Search code examples
unicodeutf-8character-encodingiso-8859-1

What determines how strings are encoded in memory?


Say we have a file that is Latin-1 encoded and that we use a text editor to read in that file into memory. My questions are then:

  • How will those character strings be represented in memory? Latin-1, UTF-8, UTF-16 or something else?
  • What determines how those strings are represented in memory? Is it the application, the programming language the application was written in, the OS or the hardware?

As a follow-up question:

  • How do applications then save files to encoding schemes that use different character sets? F.e. converting UTF-8 to UTF-16 seems fairly intuitive to me as I assume you just decode to the Unicode codepoint, then encode to the target encoding. But what about going from UTF-8 to Shift-JIS which has a different character set?

Solution

  • Operating system

    Programming language

    Depends on their age or on their compiler: while languages themselves are not necessarily bound to an OS the compiler which produces the binaries might treat things differently as per OS.

    Application/program

    Depends on the platform/OS. While the in-memory consumption of text is strongly influenced by the programming language compiler and the data types used there, using libraries (which could have been produced by entirely other compilers and programming languages) can mix this.
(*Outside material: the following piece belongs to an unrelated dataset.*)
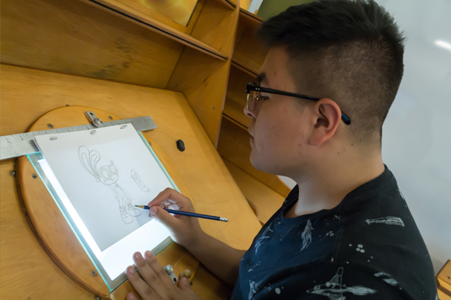 En esta Sala se pueden realizar simultáneamente procesos análogos de dibujo con papel en mesas de luz y en las tabletas Cintiq, comenta el profesor Diego Ríos. La ventaja que da lo análogo es otro tipo de competencia en términos de la sensibilidad. Acá no hay Ctrl+z, lo que obliga a que la intención con la que se trabaja sea mucho más concreta, no se puede perder el tiempo haciendo “mamarrachos”. Por su lado, las actividades manuales generan competencias profesionales de más precisión, de aprovechar el tiempo. De manera que cuando los estudiantes llegan a lo digital ya tienen competencias mucho más refinadas.

    Strictly speaking the binary file format also has its strict encodings: on Windows the PE (used in EXE, DLL, etc.) has resource Strings in 16 bit characters again. So while f.e. the Free Pascal Compiler can (as per language) make heavy use of UTF-8 it will still build an EXE file with UTF-16 metadata in it.

    Programs that deal with text (such as editors) will most likely hold any encoding "as is" in memory for the sake of performance, surely with compromises such as temporarily duplicating parts into Strings of 32 bit per character, just to quickly search through it, let alone supporting Unicode normalization.

    Conversion

    The most common approach is to use a common denominator:

    • Either every input is decoded into 32 bit characters which are then encoded into the target. Costs the most memory, but makes it easy to deal with.
    • In the WinAPI you either convert to UTF-16 via MultiByteToWideChar(), or from UTF-16 via WideCharToMultiByte(). To go from UTF-8 to Shift-JIS you'd make a sidestep from UTF-8 to UTF-16, then from UTF-16 to Shift-JIS. Support for all the encodings shift as per version and localized installation, there's not really a guarantee for all of them.
    • External libraries specialized on encodings alone can do this, like iconv - these support many encodings unbound to the OS support.